◆ **Given data**:
▬▬▬▬▬▬▬▬▬▬

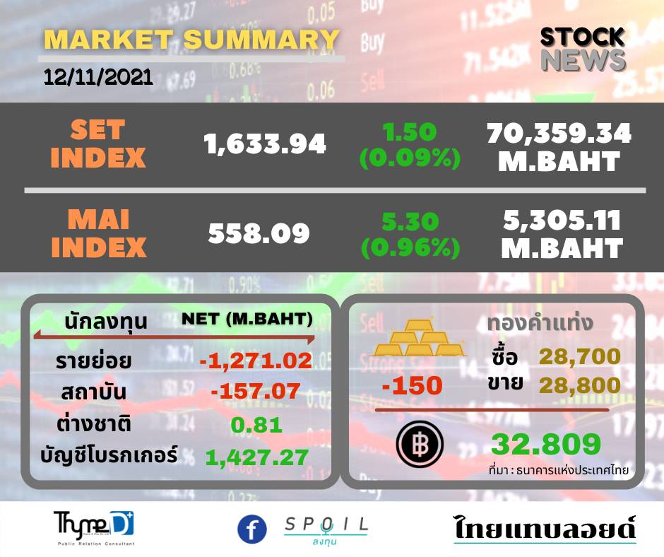 ตลาดหลักทรัพย์ ปิดวันนี้ที่ระดับ 1,633.94 จุด เพิ่มขึ้น 1.50 จุด (+0.09%) มูลค่าการซื้อขาย 70,359.34 ล้านบาท
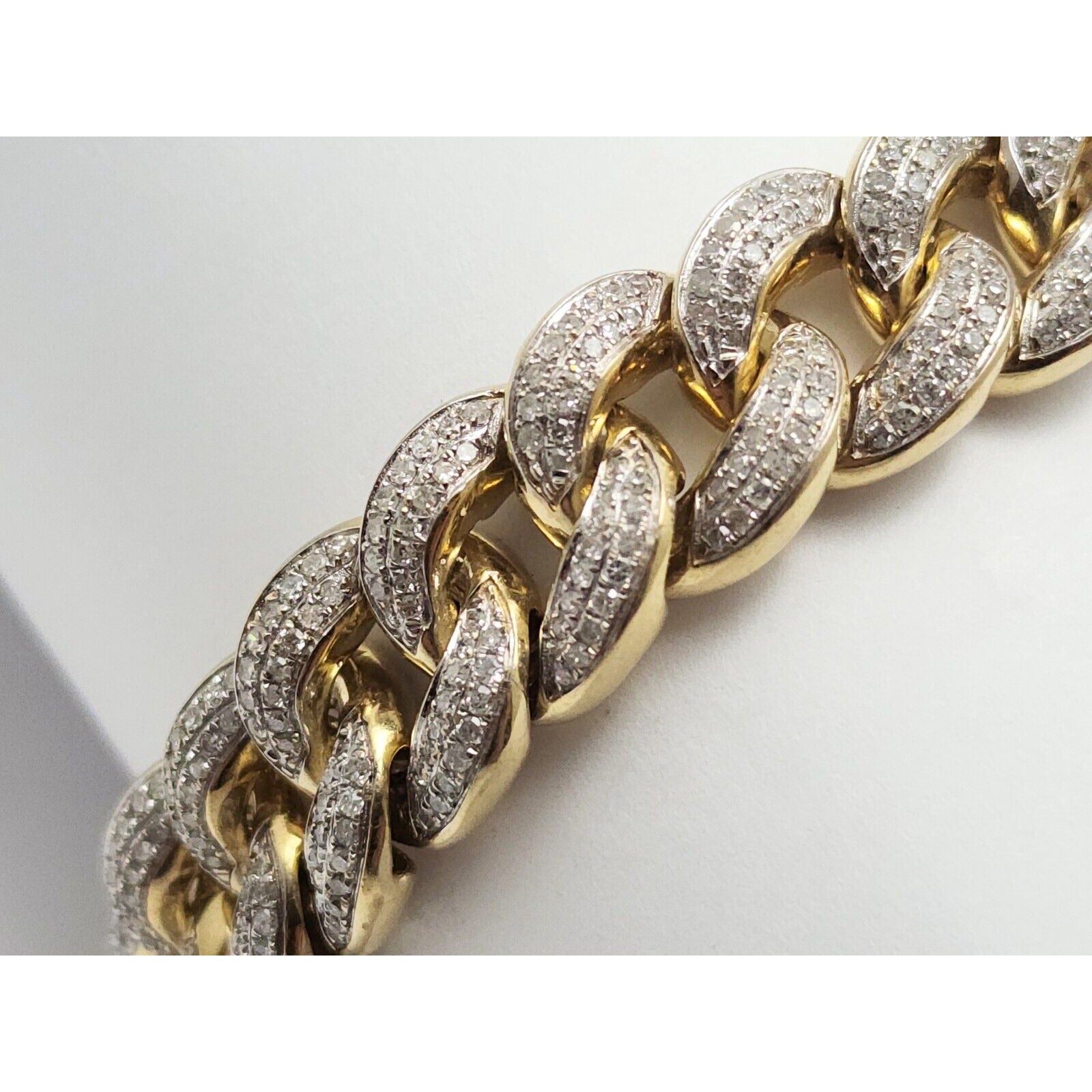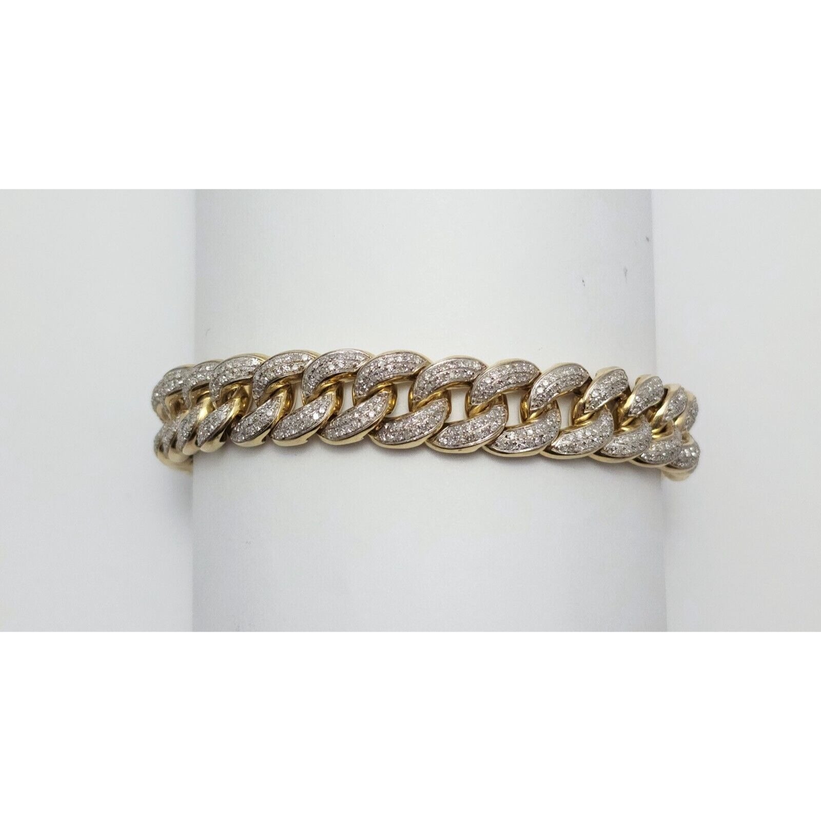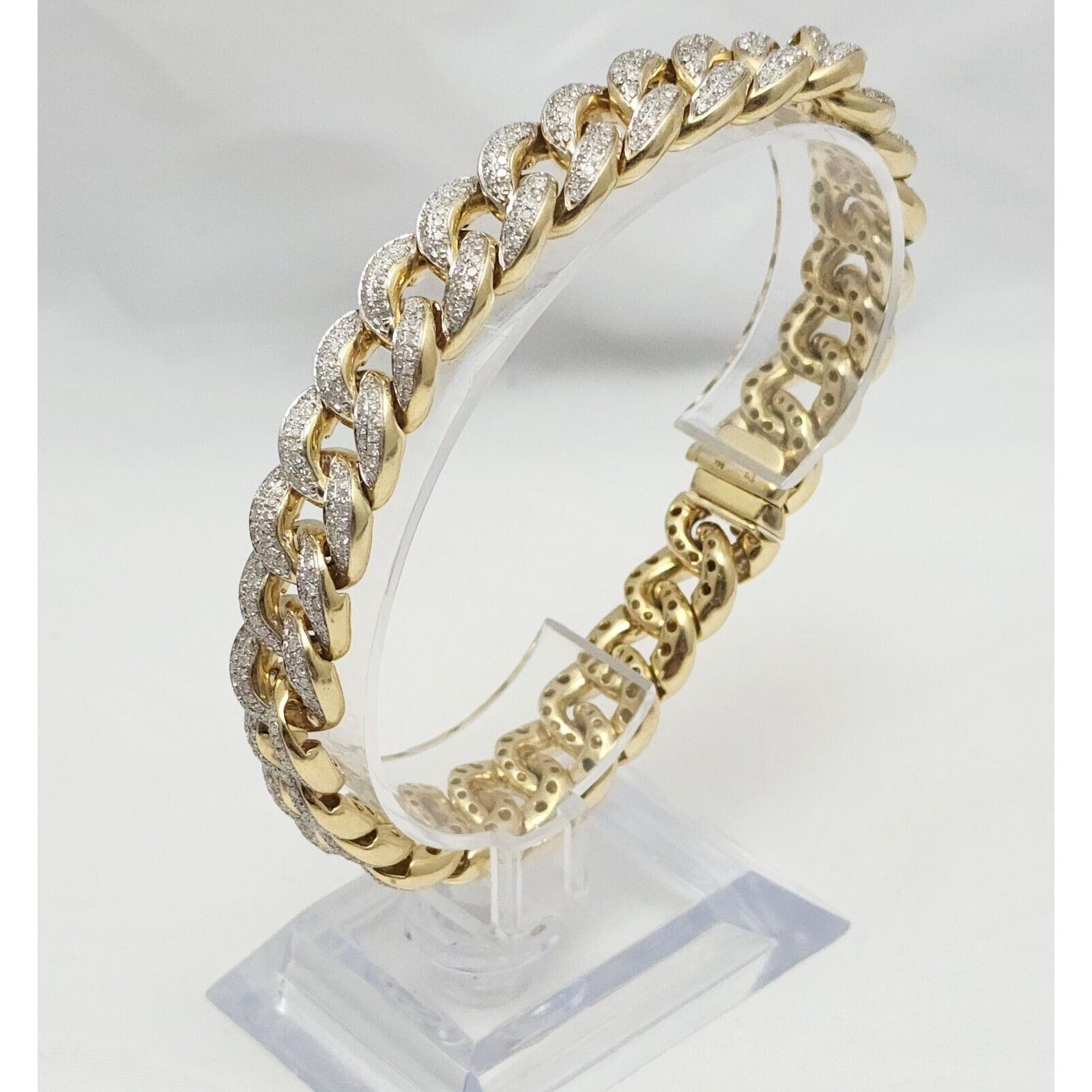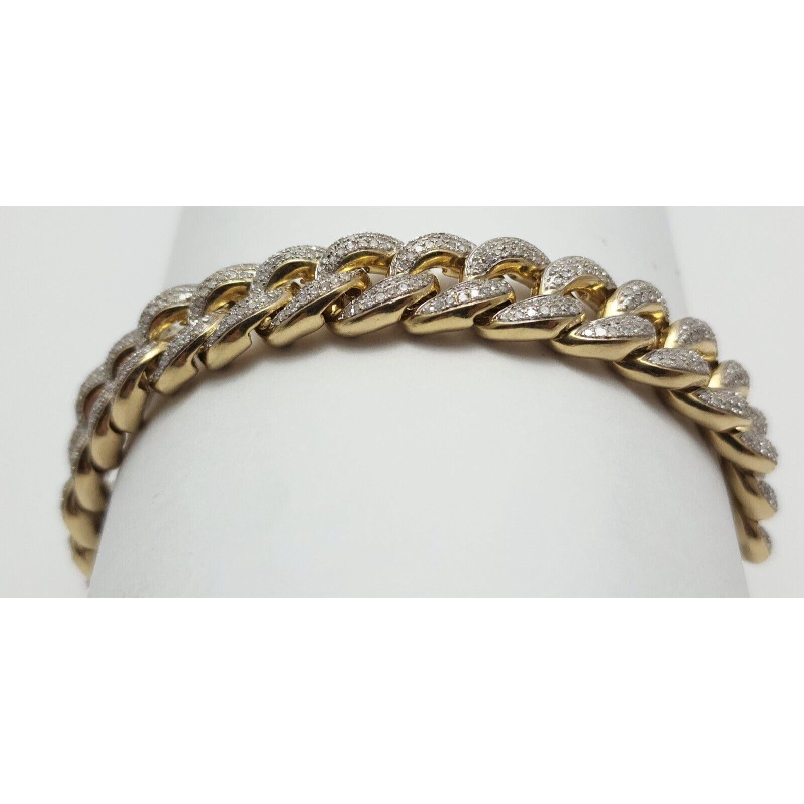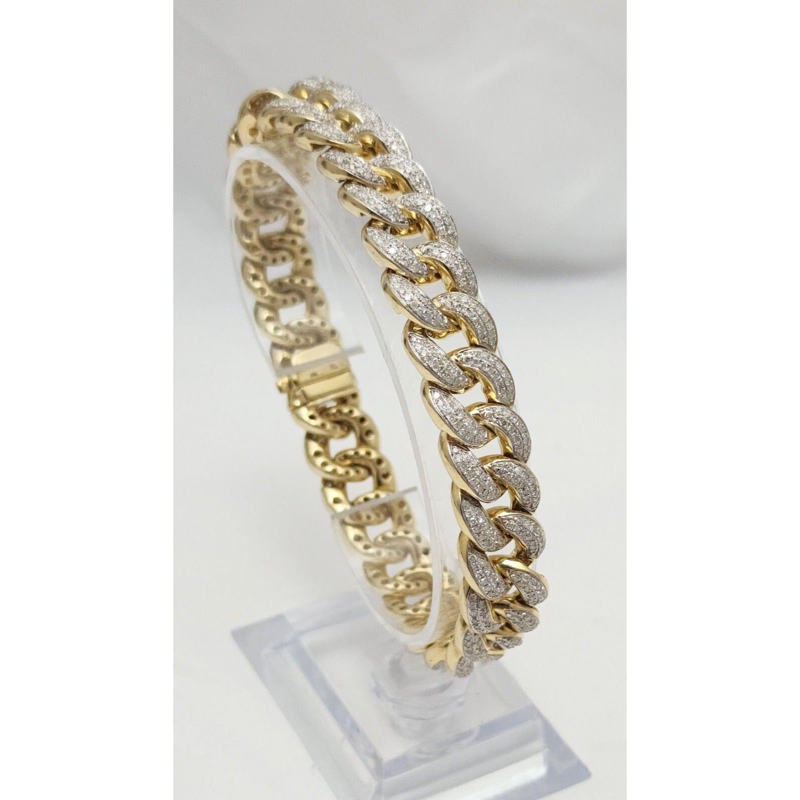 14K Solid Multi Tone Gold Diamond Cuban Link Bracelet
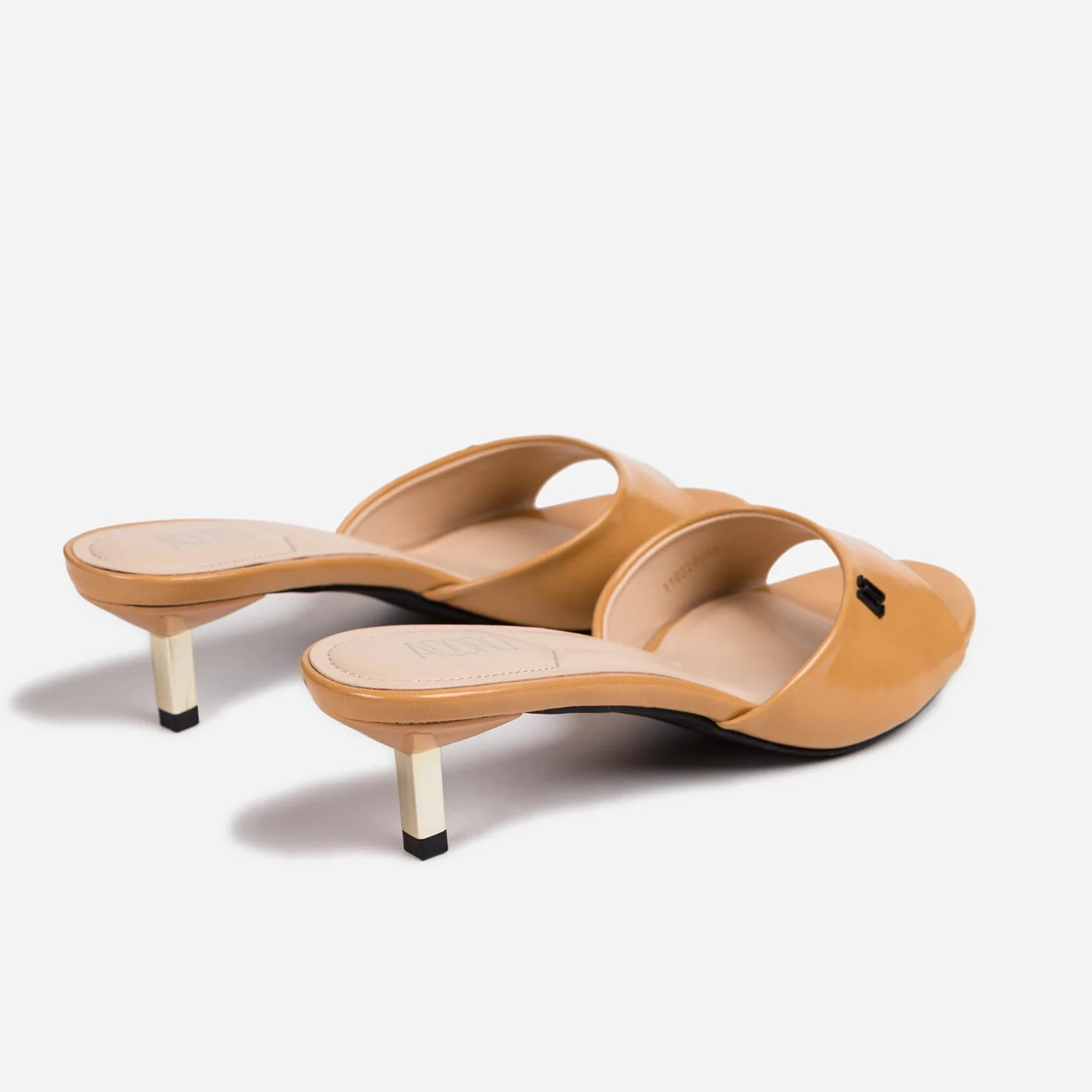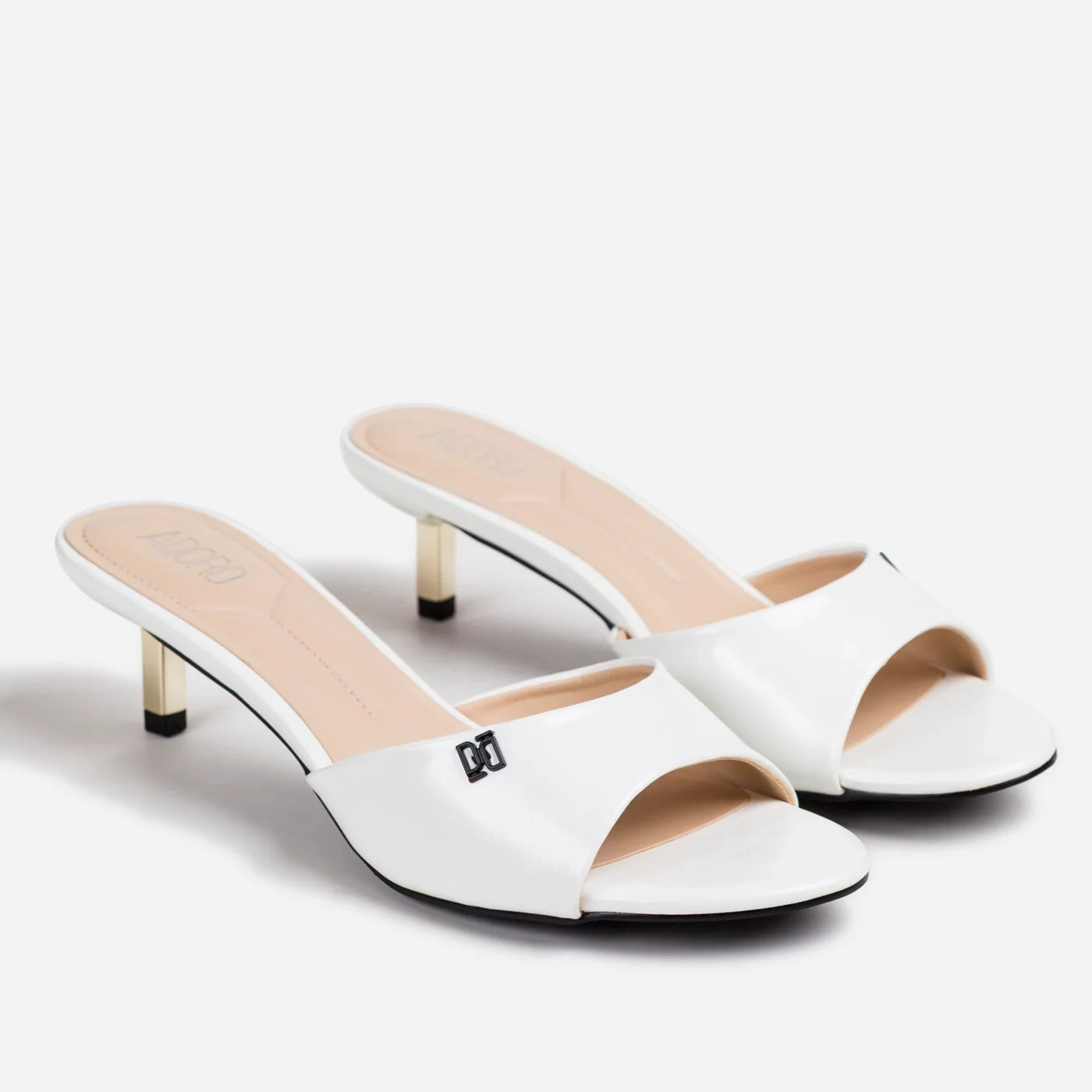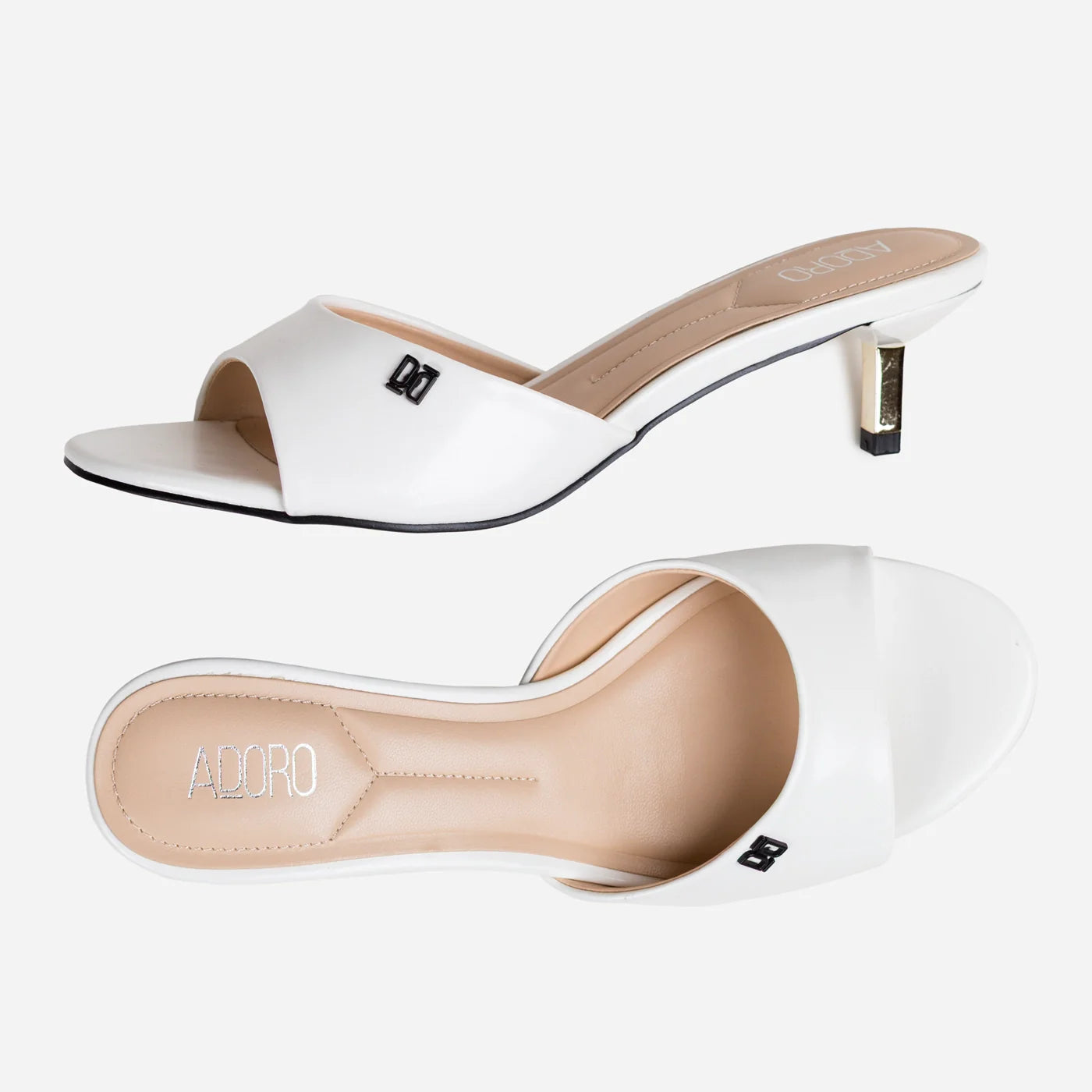 - Design: Minimalist silhouette with logo hardware accent and low kitten heel
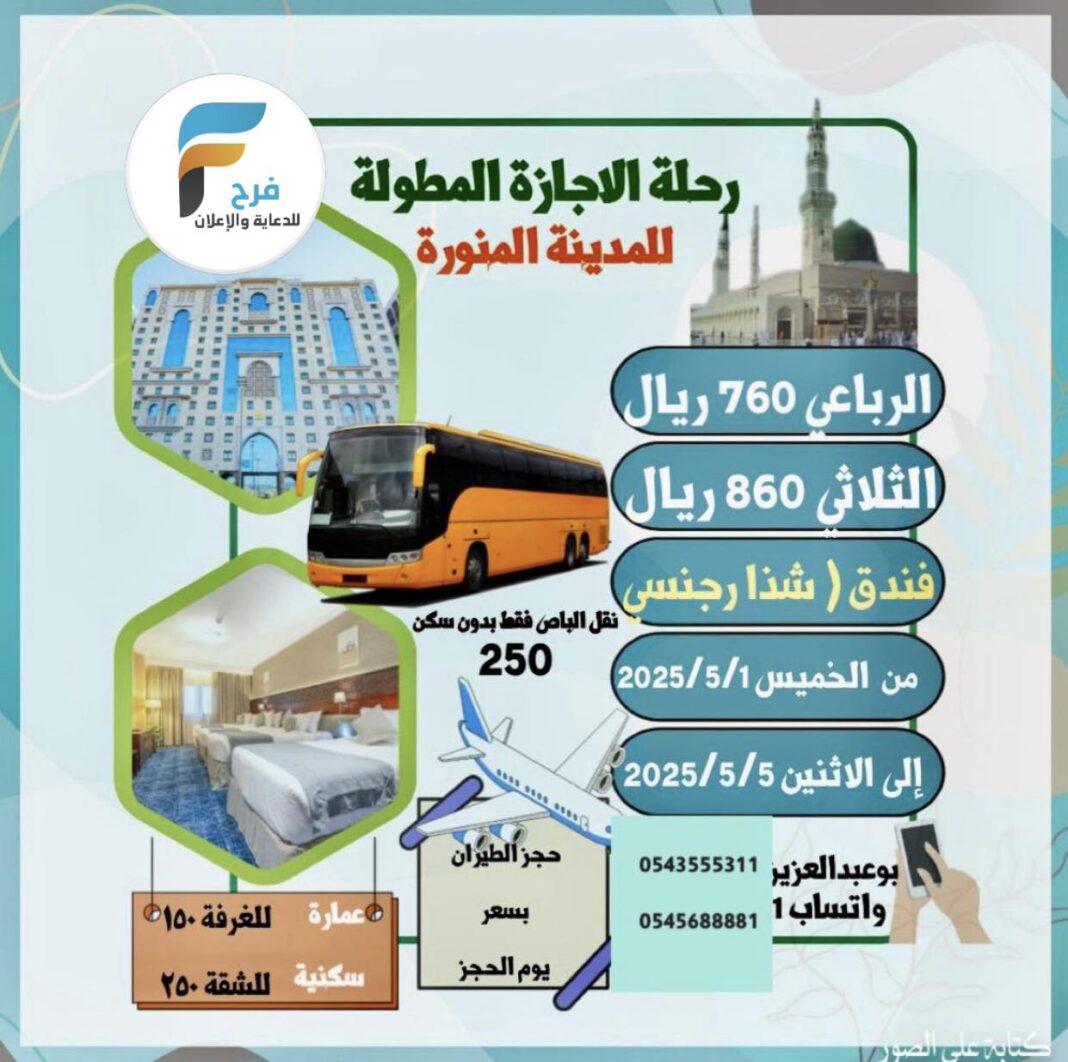 150 ريال تبدأ رحلات حملة غدير الابرار الاجازة المطولة / المدينة المنورة 24 أبريل، 2025 2 للحجز والاستفسار : 0543555311 0545688881 أشترك معنا في خدمة فرح : Enter the text or HTML code here شارك هذا الموضوع: النقر للمشاركة على X (فتح في نافذة جديدة) X انقر للمشاركة على فيسبوك (فتح في نافذة جديدة) فيس بوك معجب بهذه:إعجاب تحميل... مرتبط

▬▬▬▬▬▬▬▬▬▬

◆ **Task to carry out**:
Your copy should hold only the lines from the one containing "14K Solid Multi" through the last line of the listing, both included, retyped exactly and free of pictures.

◆ **Solution for this problem**:
 14K Solid Multi Tone Gold Diamond Cuban Link Bracelet
 - Design: Minimalist silhouette with logo hardware accent and low kitten heel
 150 ريال تبدأ رحلات حملة غدير الابرار الاجازة المطولة / المدينة المنورة 24 أبريل، 2025 2 للحجز والاستفسار : 0543555311 0545688881 أشترك معنا في خدمة فرح : Enter the text or HTML code here شارك هذا الموضوع: النقر للمشاركة على X (فتح في نافذة جديدة) X انقر للمشاركة على فيسبوك (فتح في نافذة جديدة) فيس بوك معجب بهذه:إعجاب تحميل... مرتبط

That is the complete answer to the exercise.